### Data shown
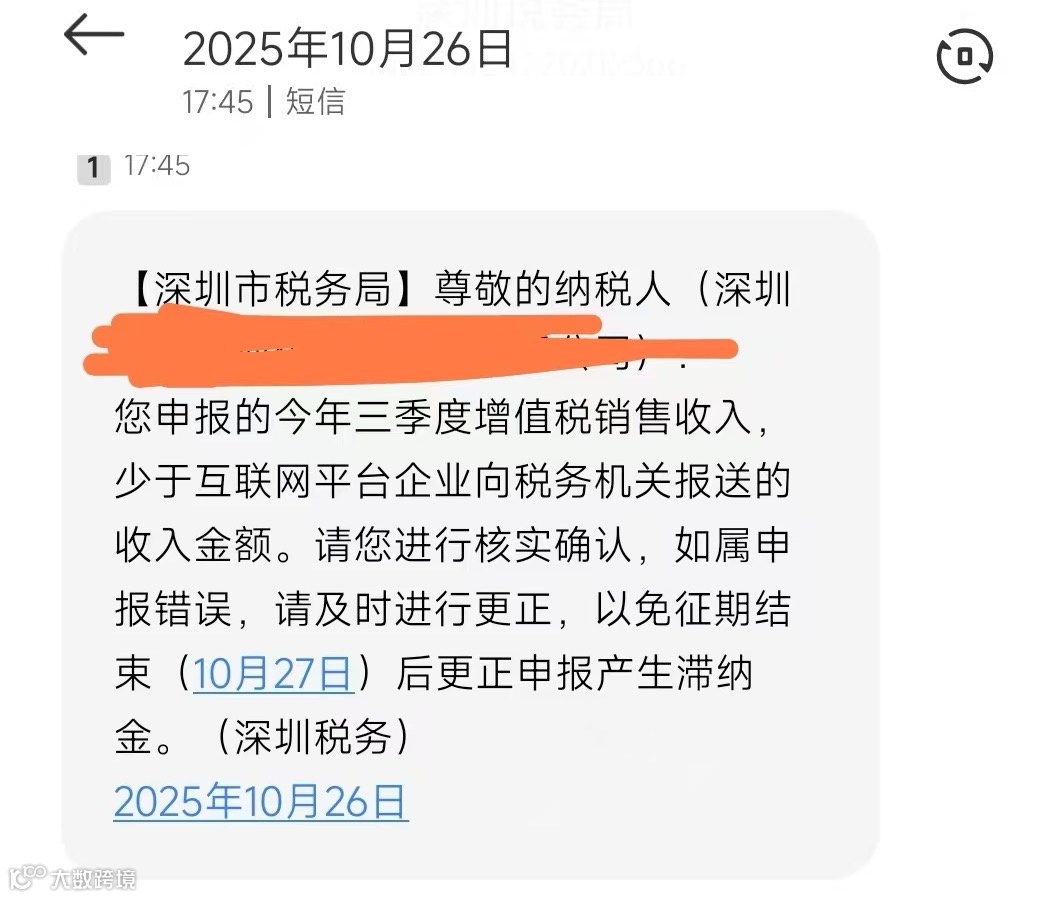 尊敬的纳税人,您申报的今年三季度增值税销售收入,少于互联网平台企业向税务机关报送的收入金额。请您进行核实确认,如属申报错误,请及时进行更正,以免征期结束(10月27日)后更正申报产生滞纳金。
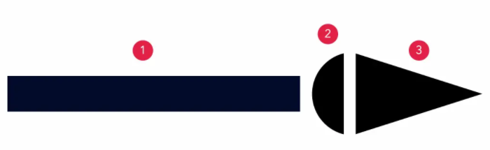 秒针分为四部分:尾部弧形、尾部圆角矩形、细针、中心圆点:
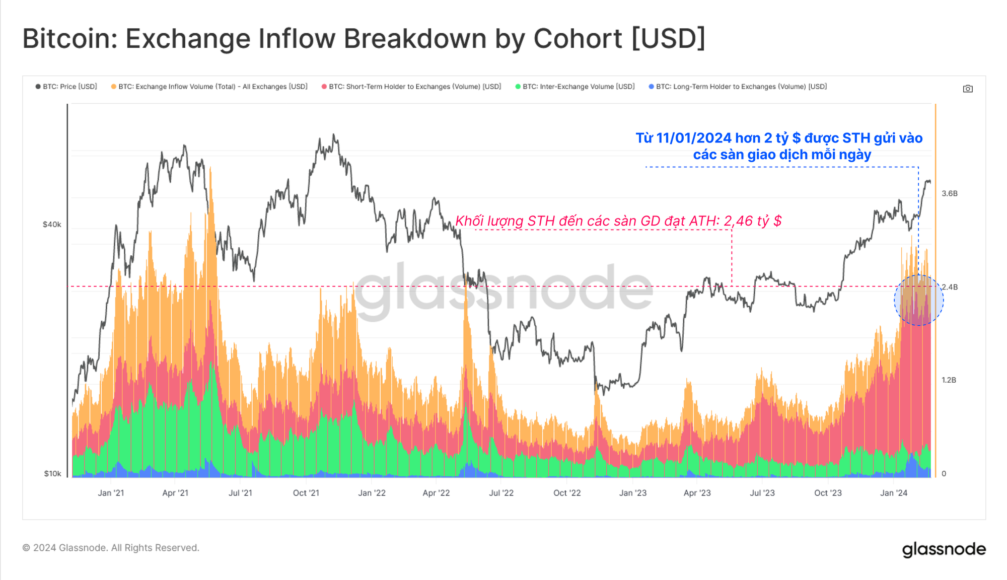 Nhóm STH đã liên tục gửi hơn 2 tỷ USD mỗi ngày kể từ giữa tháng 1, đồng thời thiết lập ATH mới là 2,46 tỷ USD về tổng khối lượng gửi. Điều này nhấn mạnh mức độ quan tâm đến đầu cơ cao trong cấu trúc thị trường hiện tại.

### Task objective
Everything in the listing except the pictures must come back exactly as written.

### Response
 尊敬的纳税人,您申报的今年三季度增值税销售收入,少于互联网平台企业向税务机关报送的收入金额。请您进行核实确认,如属申报错误,请及时进行更正,以免征期结束(10月27日)后更正申报产生滞纳金。
 秒针分为四部分:尾部弧形、尾部圆角矩形、细针、中心圆点:
 Nhóm STH đã liên tục gửi hơn 2 tỷ USD mỗi ngày kể từ giữa tháng 1, đồng thời thiết lập ATH mới là 2,46 tỷ USD về tổng khối lượng gửi. Điều này nhấn mạnh mức độ quan tâm đến đầu cơ cao trong cấu trúc thị trường hiện tại.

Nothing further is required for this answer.